If we don't have much data for training, data augmentation is a way to increase training set by creating modified copies from a existing dataset.
`Albumentations` efficiently implements a rich variety of image transform operations for data augmentation. We will use this library to enrich our training dataset.

In [None]:
!pip install -q albumentations opencv-python-headless
!pip install -qU opencv-python

Let's use `albumentations` to generate 9 copies for each image in dataset augmentation. It takes a minute or two, please wait for the whole process to finish.

In [None]:
import glob
import os
from pathlib import Path
from image_augment import ImageAugmentor
import tqdm

copies_per_image = 9
label_id = 0

print(f'We will create {copies_per_image} copies for label {label_id}')
ia = ImageAugmentor({label_id:copies_per_image}, "data/images/train/", "data/labels/train/")
    
for image_name in tqdm.tqdm(glob.glob('data/images/train/*')):
    
    label_name = os.path.join('data/labels/train', f"{Path(image_name).stem}.txt")

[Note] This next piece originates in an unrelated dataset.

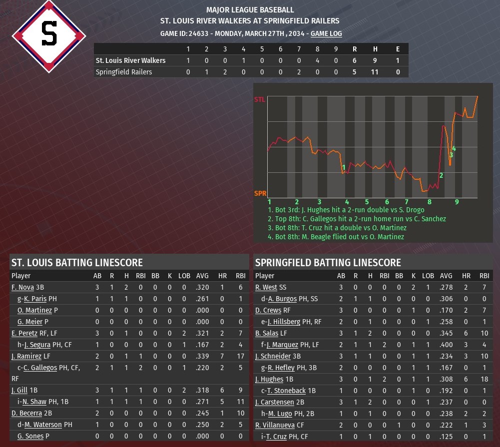 Scott, 29, has spent quite a bit of time in the majors with the Walkers, including as the team's primary first baseman in 2031. In 296 games in St. Louis, Scott has hit .235 with 74 homers and 166 RBIs. Last season, Scott was the MVP of the Pacific Coast League American Conference after hitting .321 with 43 homers and 118 RBIs in 112 games. Baker also has bounced back and forth between St. Louis and Memphis. The 27-year-old pitched in 36 games for the Walkers in 2033, going 1-2 with five saves and a 2.70 ERA. For his career, Baker has pitched in 61 MBL games, owning a 2-3 record with six saves and a 3.11 ERA. Taylor, 25, is better rated defensively as a first baseman but also can play shortstop owns all kinds of power. In 619 minor league games, Taylor owns a .259 batting average with 142 homers and 412 RBIs |

    ia.bbox_augmentation(image_name, label_name)

## Prepare training data

In order to train a custom model to detect our custom label, we will use YoloV5, which offers a real-time object detection framework with pretrained models in deep learning and computer vision. We will,
- Download a yolo pretrained model,
- Write the yaml config for next training step,
- Upload our training dataset and the pretrained model

### Download pretrained model
Now we will download yolov5s6.pt for this training, ### Prepare the training config

In [None]:
project = "content-moderation"
yolo_version = '6.2'

!mkdir -p data/cfg
!mkdir -p data/weights
!wget https://github.com/ultralytics/yolov5/releases/download/v$yolo_version/yolov5s6.pt --directory-prefix data/weights

### Write the yolo training config file
And we will create a training config file populated with the following content,

In [None]:
%%writefile data/cfg/content-moderation.yaml

train: /opt/ml/input/data/images/train/
val: /opt/ml/input/data/images/val/

# number of labels
nc: 1
# label names
names: ['tulip']

### Upload the data for training
Upload the data to default sagemaker s3 bucket

In [None]:
from datetime import datetime
import sagemaker

sagemaker_session = sagemaker.Session()
#training_job_name = job_name
sagemaker_default_bucket = sagemaker_session.default_bucket()
project_and_time_prefix = project+'-'+ datetime.now().strftime("%Y-%m-%d-%H-%M-%S")

In [None]:
!aws s3 sync data/ s3://$sagemaker_default_bucket/training_data/$project_and_time_prefix

## Training Custom model
After we prepare the training data, let's start training our model to detect custom label with Sagemaker training job. You can find the training job listed on AWS console, Sagemaker -> Training - > Training jobs.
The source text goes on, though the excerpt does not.